- _RECORD EXCERPTS_:
*** Block opens ***
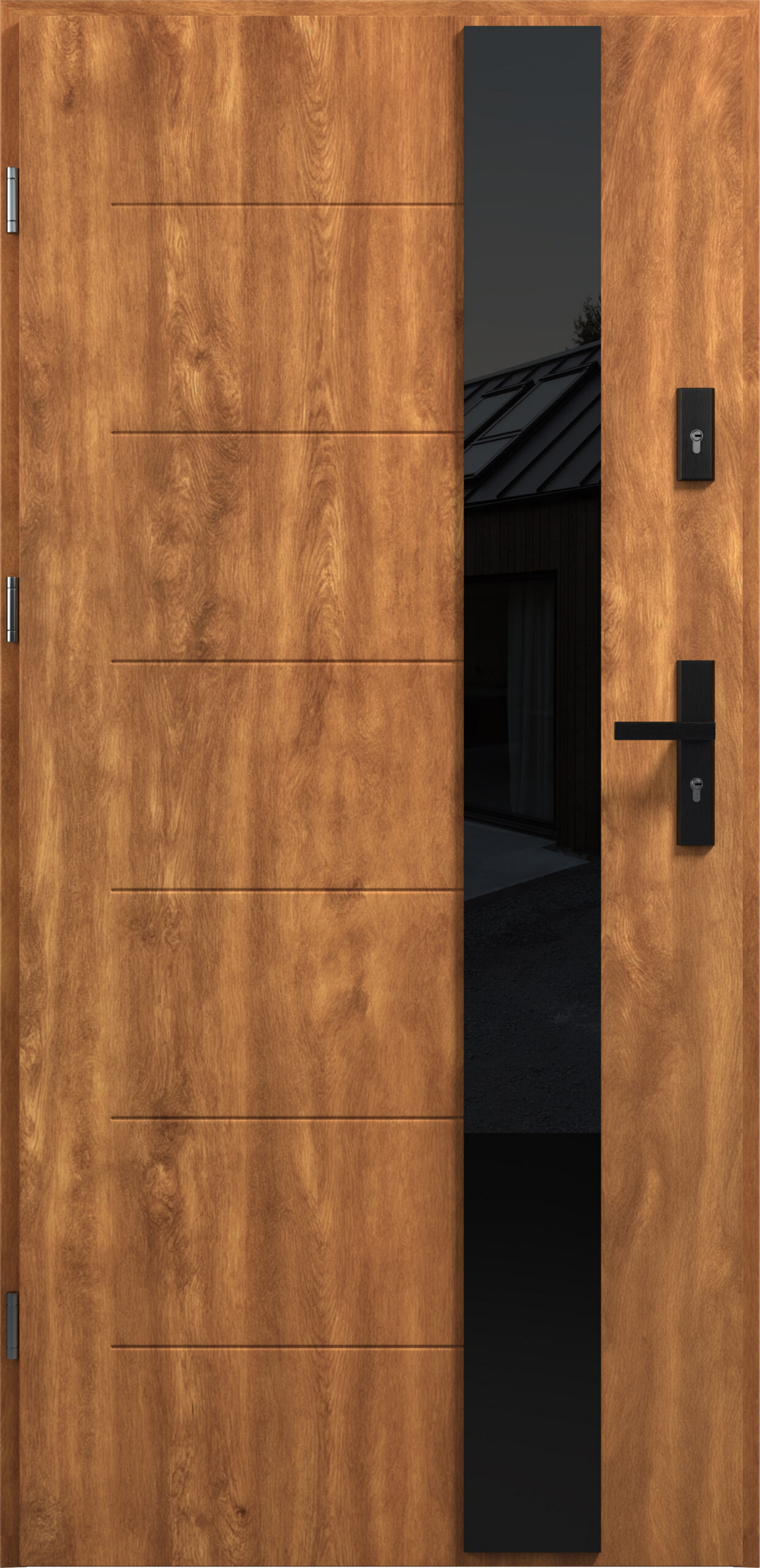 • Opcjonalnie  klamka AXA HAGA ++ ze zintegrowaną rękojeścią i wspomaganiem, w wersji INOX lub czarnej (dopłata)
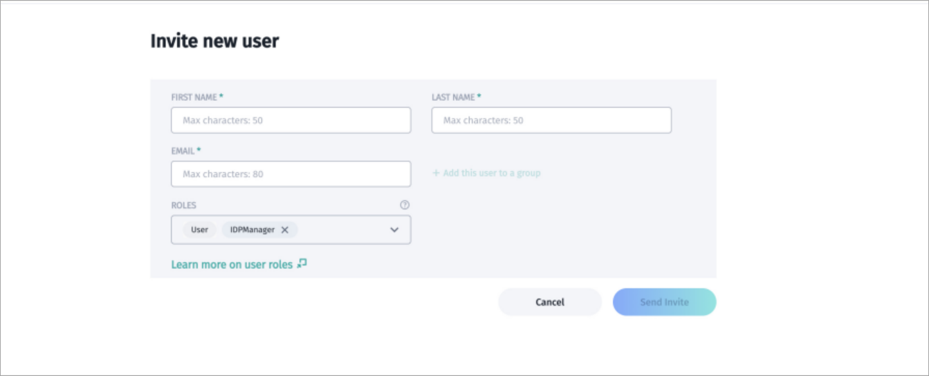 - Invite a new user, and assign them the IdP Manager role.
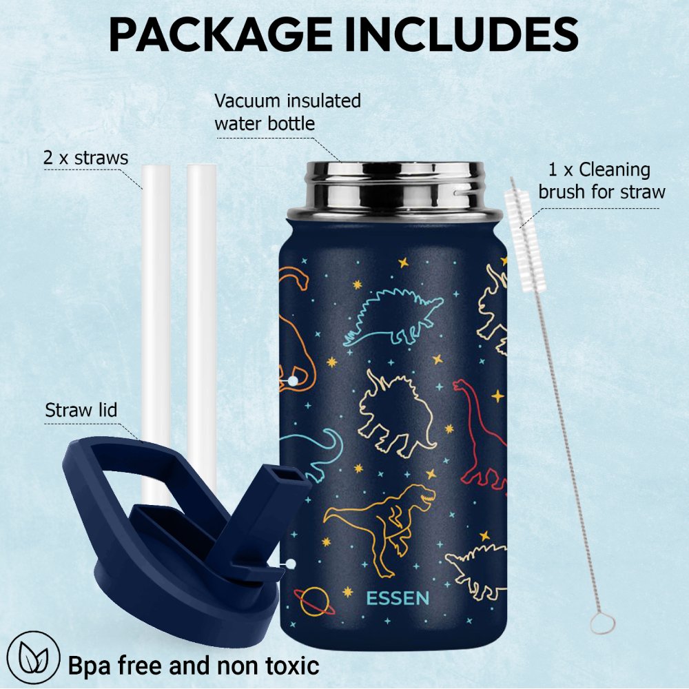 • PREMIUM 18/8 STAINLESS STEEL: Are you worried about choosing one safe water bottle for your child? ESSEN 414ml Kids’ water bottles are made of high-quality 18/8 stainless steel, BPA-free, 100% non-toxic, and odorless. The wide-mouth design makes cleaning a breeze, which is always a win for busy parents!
*** Block closes ***
*** Block opens ***
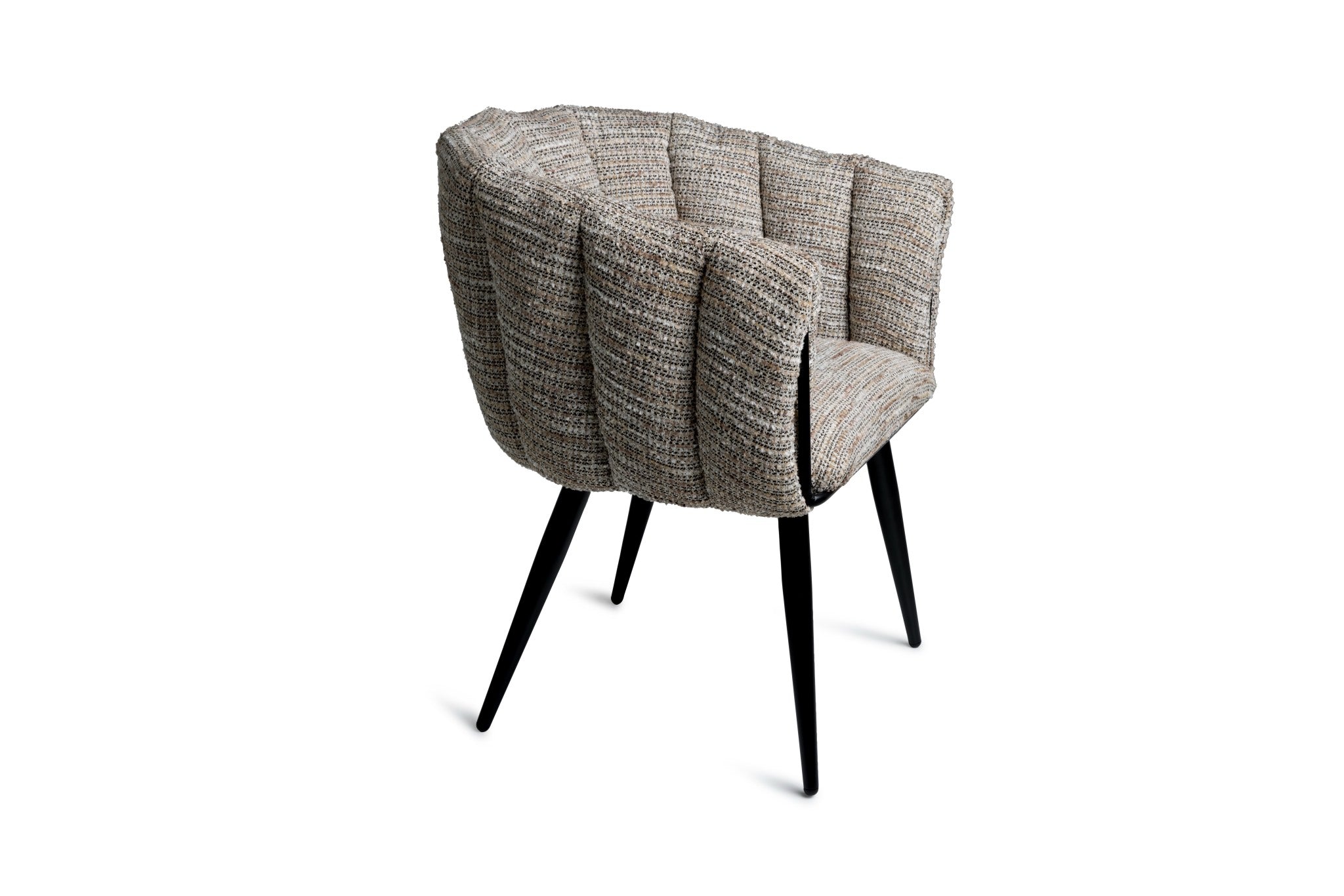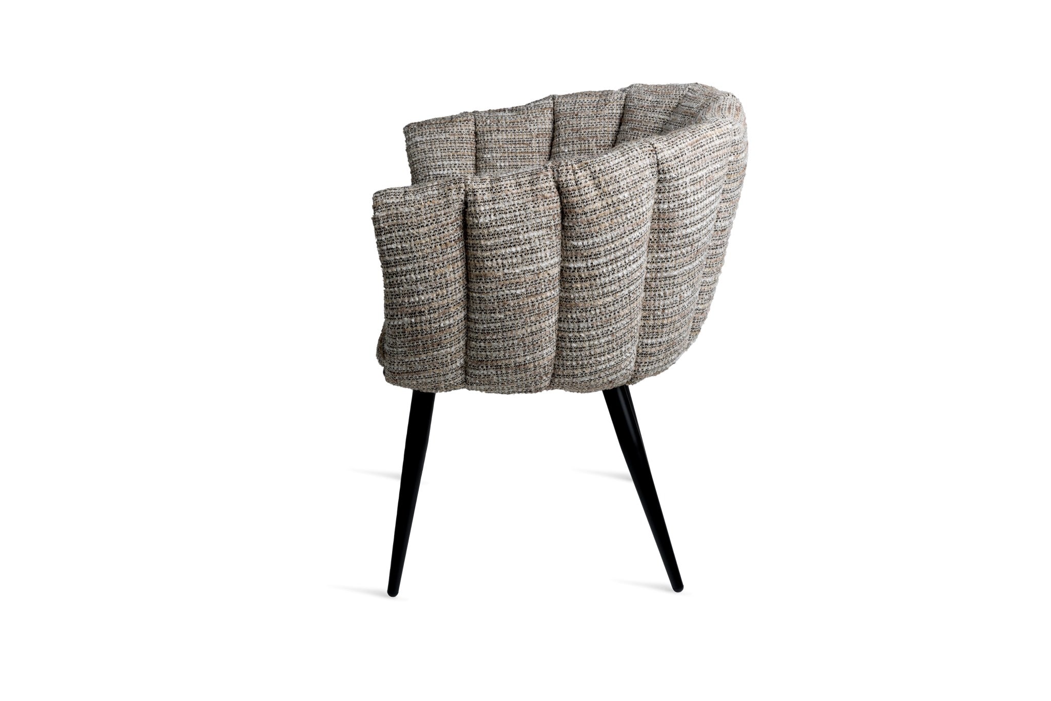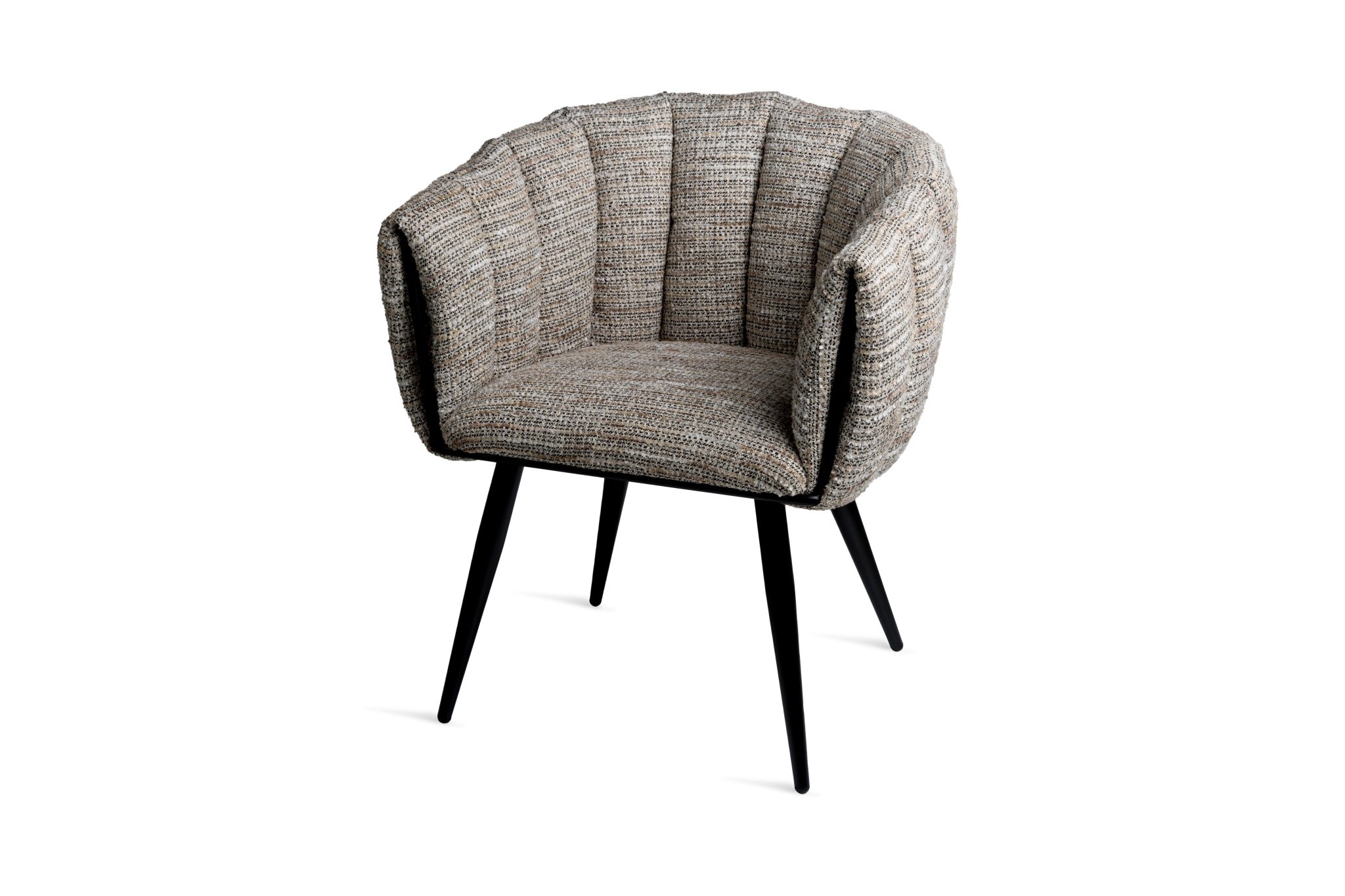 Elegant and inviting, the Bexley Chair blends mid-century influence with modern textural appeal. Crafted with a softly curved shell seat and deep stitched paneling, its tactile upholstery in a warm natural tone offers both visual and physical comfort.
*** Block closes ***
*** Block opens ***
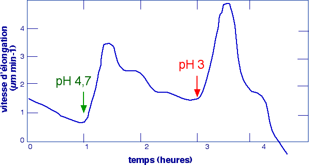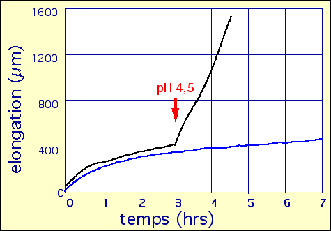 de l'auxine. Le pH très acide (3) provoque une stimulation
*** Block closes ***
- _TASK TO COMPLETE_:
Could you output exactly the lines above, from the line with "lub czarnej (dopłata)" up to and including the line with "- Invite a new", and nothing else, skipping the pictures?

- _TASK RESULT_:
 • Opcjonalnie  klamka AXA HAGA ++ ze zintegrowaną rękojeścią i wspomaganiem, w wersji INOX lub czarnej (dopłata)
 - Invite a new user, and assign them the IdP Manager role.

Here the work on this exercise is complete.